Dataset: Begin

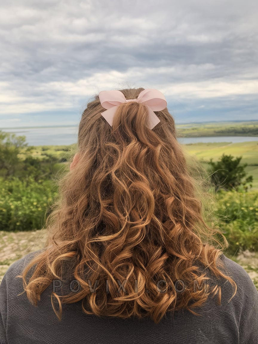 Curly Half-Up Style with Pink Ribbon Bow
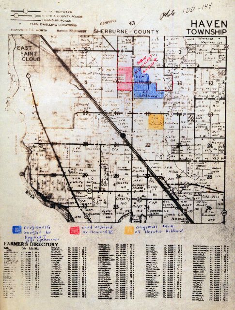 In 1871, Horatio, Drusilla, and Howard Hibbard rented two box cars and came with their belongings to St. Cloud (The railroad was completed to St. Cloud in 1866) where they bought one hundred forty acres in Haven Township (presently the Mike Hartman farm). They stayed for many years until the home burned. A married daughter and her husband came from the east and built a new home for them where they stayed until they died.
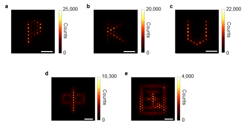 图3.莫尔纳米激光阵列以“P”、“K”、“U”和“中”、“国”图形生成阵列化相干激射。由于莫尔平带的本征能量简并特性,任意形状的莫尔纳米激光阵列均能够通过自发相位锁定产生相干激射。图中标尺均为10微米。
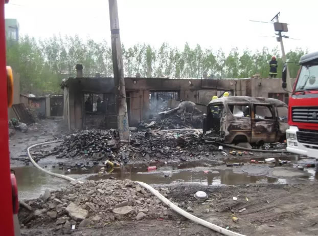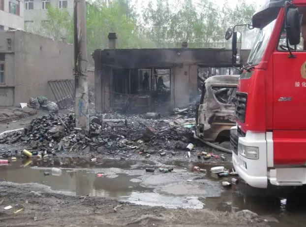 今天上午八道街馨和家園南一廢品收購部發生火災,火情被趕來消防官兵撲滅,未造成人員傷亡。現場一片狼藉,起火原因可能有易燃物品引起,具體起火原因還在調查中。
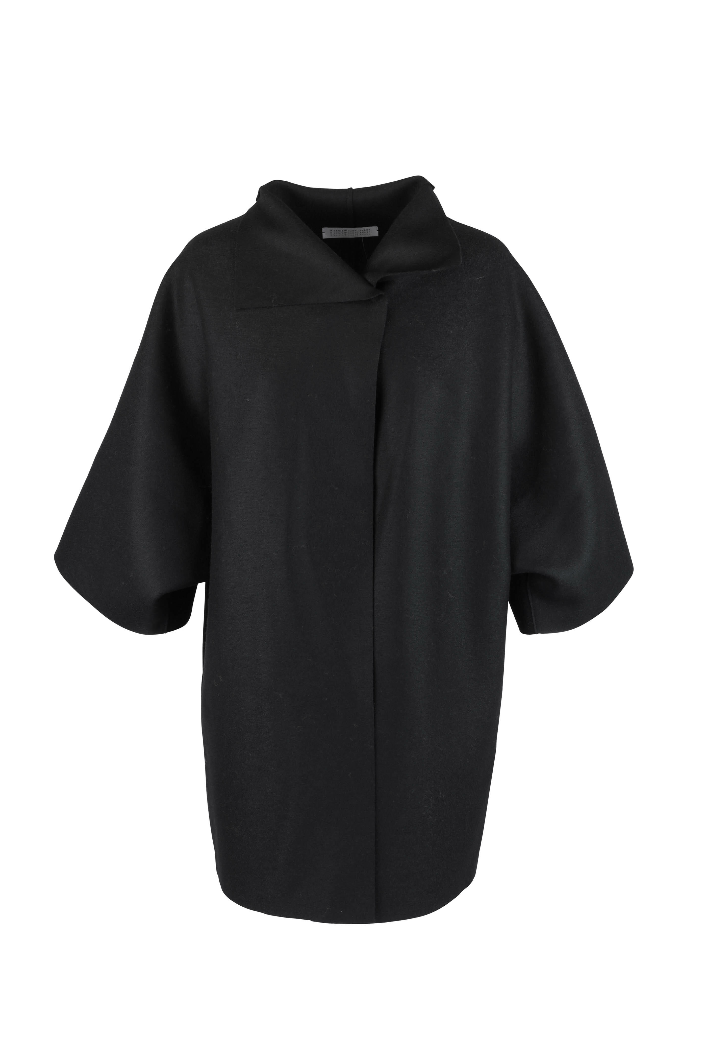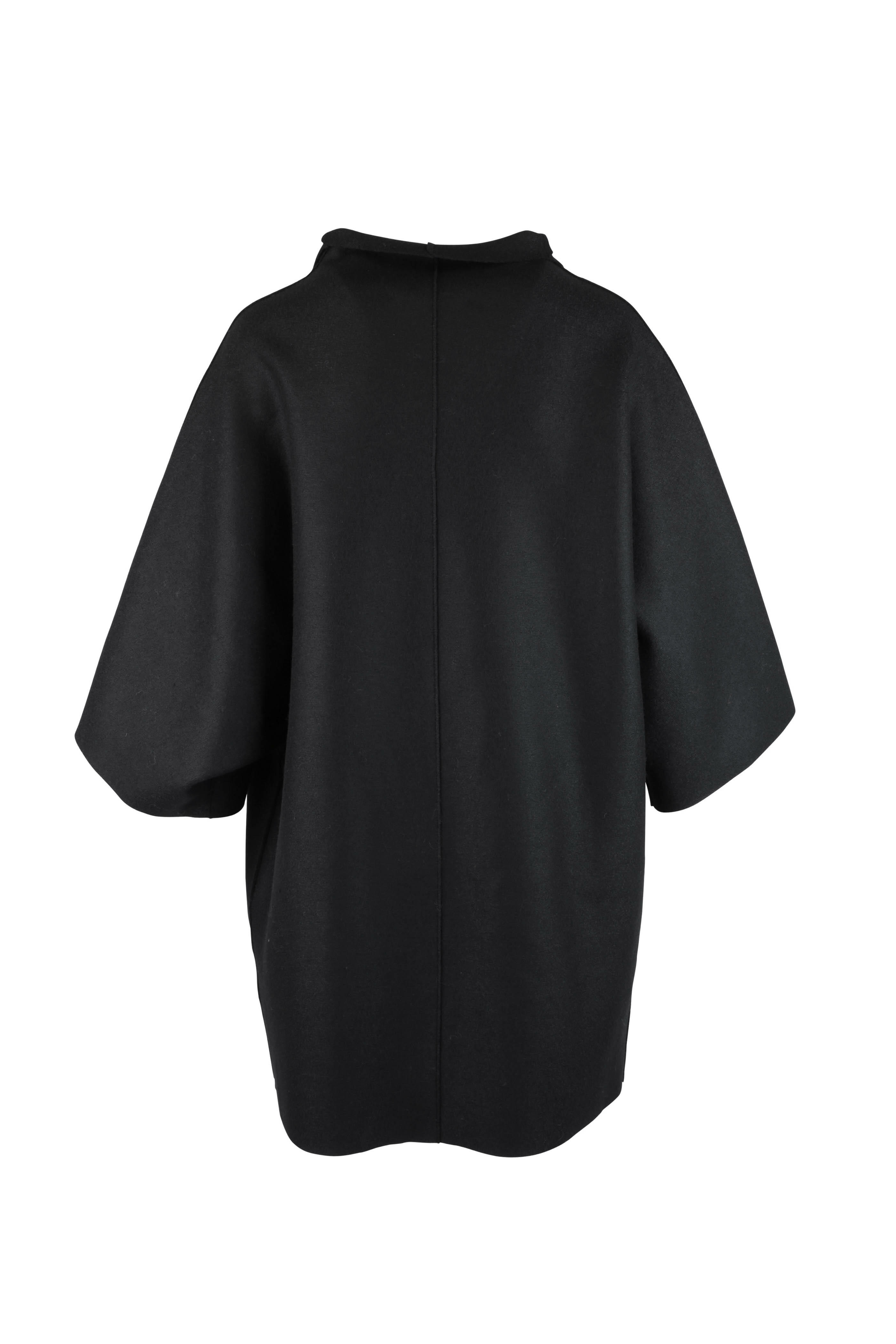 Fold down collar. Concealed single snap closure. Side slip pockets. Made in Italy. Shoulder to hem: 34". 100% wool. Dry clean.
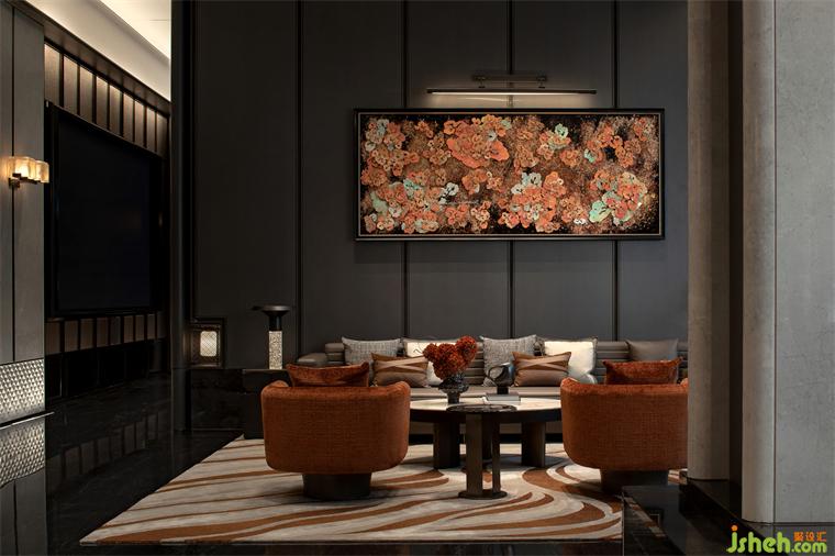墻面以“花”為題的藝術(shù)畫靜靜懸掛,以細(xì)膩的筆觸裝點(diǎn)空間,與周圍意境相得益彰。熱烈的橙色調(diào)猶如一抹絢爛光束,溫柔地灑落在江南古韻的街巷間。高飽和度色彩巧妙地引導(dǎo)著視線流轉(zhuǎn),層層遞進(jìn),強(qiáng)化空間的序列感與深度。
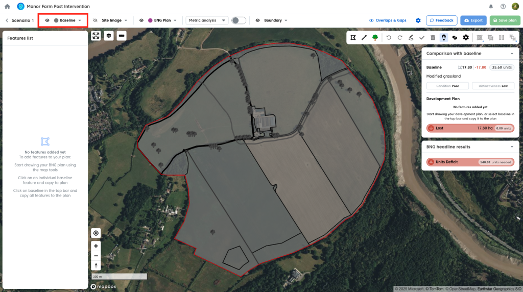 - Select a baseline feature on the map.
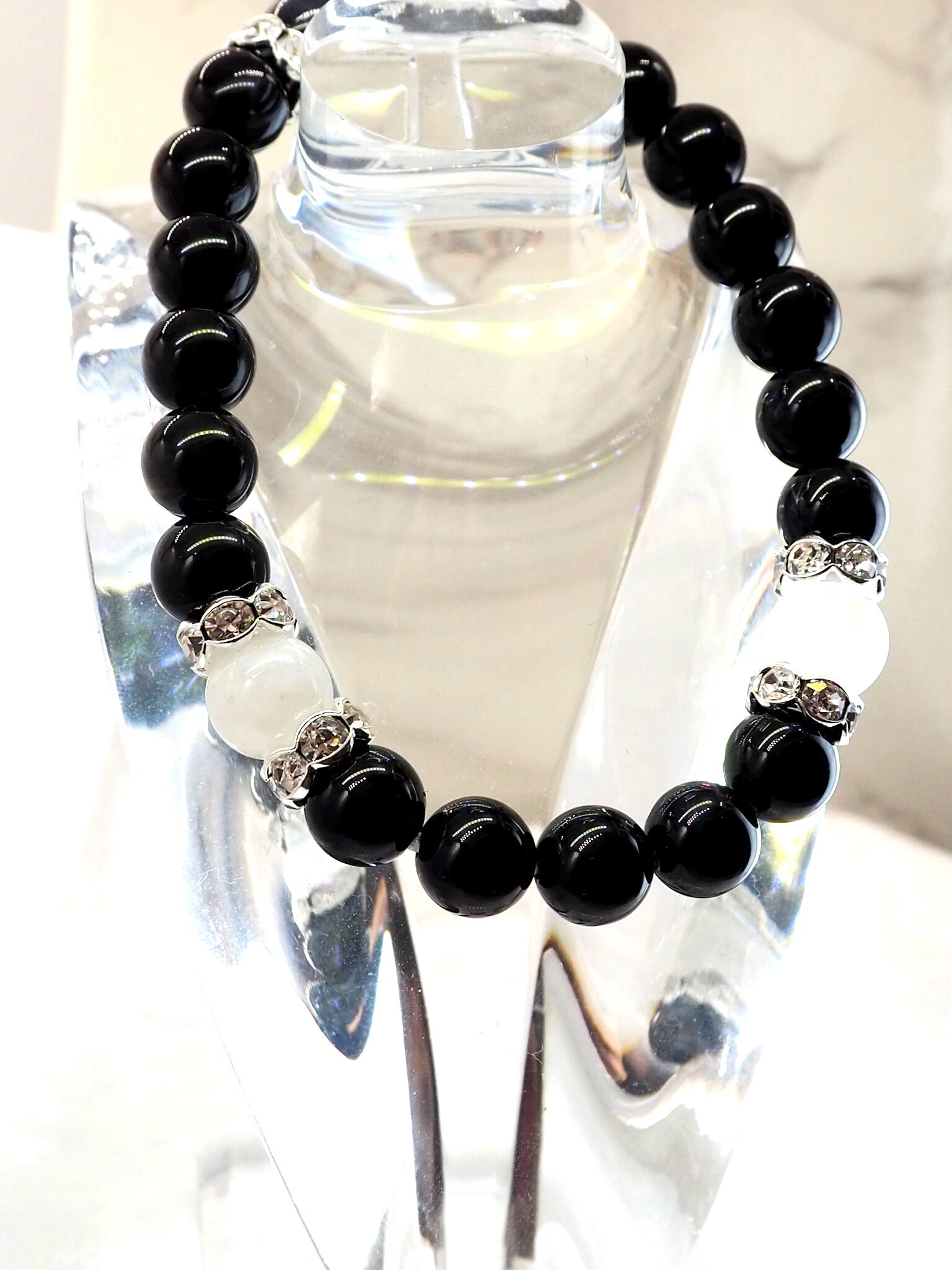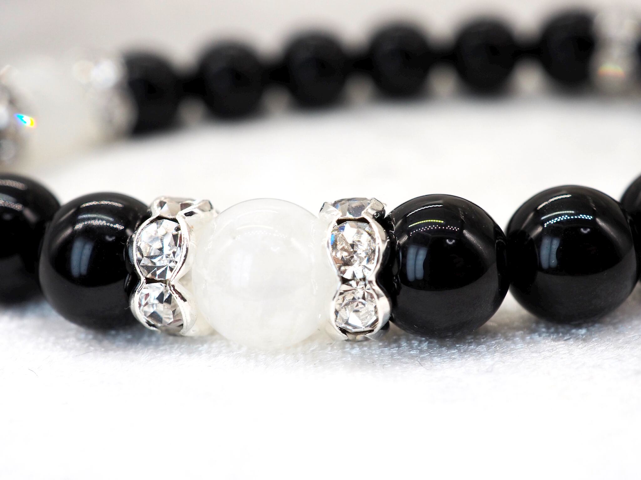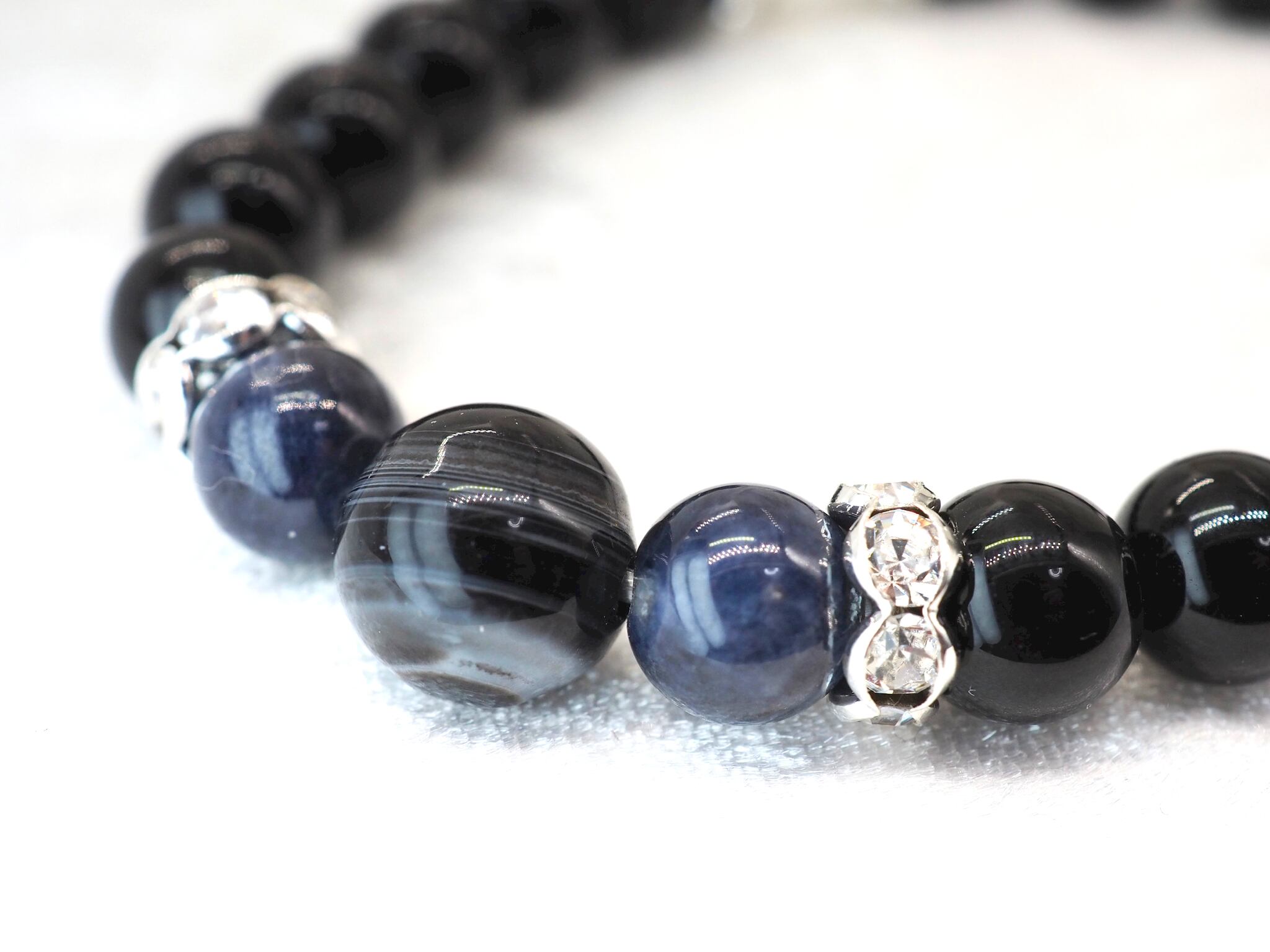 ブラックはオニキス、ネイビーはブルーサファイアを使用してます。ブルーサファイアに挟まれている大きめの石は天眼石を使用してます。

Dataset: End

Aim of the exercise: What is needed is every entry written out word for word, with no pictures.

Solved exercise:
 Curly Half-Up Style with Pink Ribbon Bow
 In 1871, Horatio, Drusilla, and Howard Hibbard rented two box cars and came with their belongings to St. Cloud (The railroad was completed to St. Cloud in 1866) where they bought one hundred forty acres in Haven Township (presently the Mike Hartman farm). They stayed for many years until the home burned. A married daughter and her husband came from the east and built a new home for them where they stayed until they died.
 图3.莫尔纳米激光阵列以“P”、“K”、“U”和“中”、“国”图形生成阵列化相干激射。由于莫尔平带的本征能量简并特性,任意形状的莫尔纳米激光阵列均能够通过自发相位锁定产生相干激射。图中标尺均为10微米。
 今天上午八道街馨和家園南一廢品收購部發生火災,火情被趕來消防官兵撲滅,未造成人員傷亡。現場一片狼藉,起火原因可能有易燃物品引起,具體起火原因還在調查中。
 Fold down collar. Concealed single snap closure. Side slip pockets. Made in Italy. Shoulder to hem: 34". 100% wool. Dry clean.
墻面以“花”為題的藝術(shù)畫靜靜懸掛,以細(xì)膩的筆觸裝點(diǎn)空間,與周圍意境相得益彰。熱烈的橙色調(diào)猶如一抹絢爛光束,溫柔地灑落在江南古韻的街巷間。高飽和度色彩巧妙地引導(dǎo)著視線流轉(zhuǎn),層層遞進(jìn),強(qiáng)化空間的序列感與深度。
 - Select a baseline feature on the map.
 ブラックはオニキス、ネイビーはブルーサファイアを使用してます。ブルーサファイアに挟まれている大きめの石は天眼石を使用してます。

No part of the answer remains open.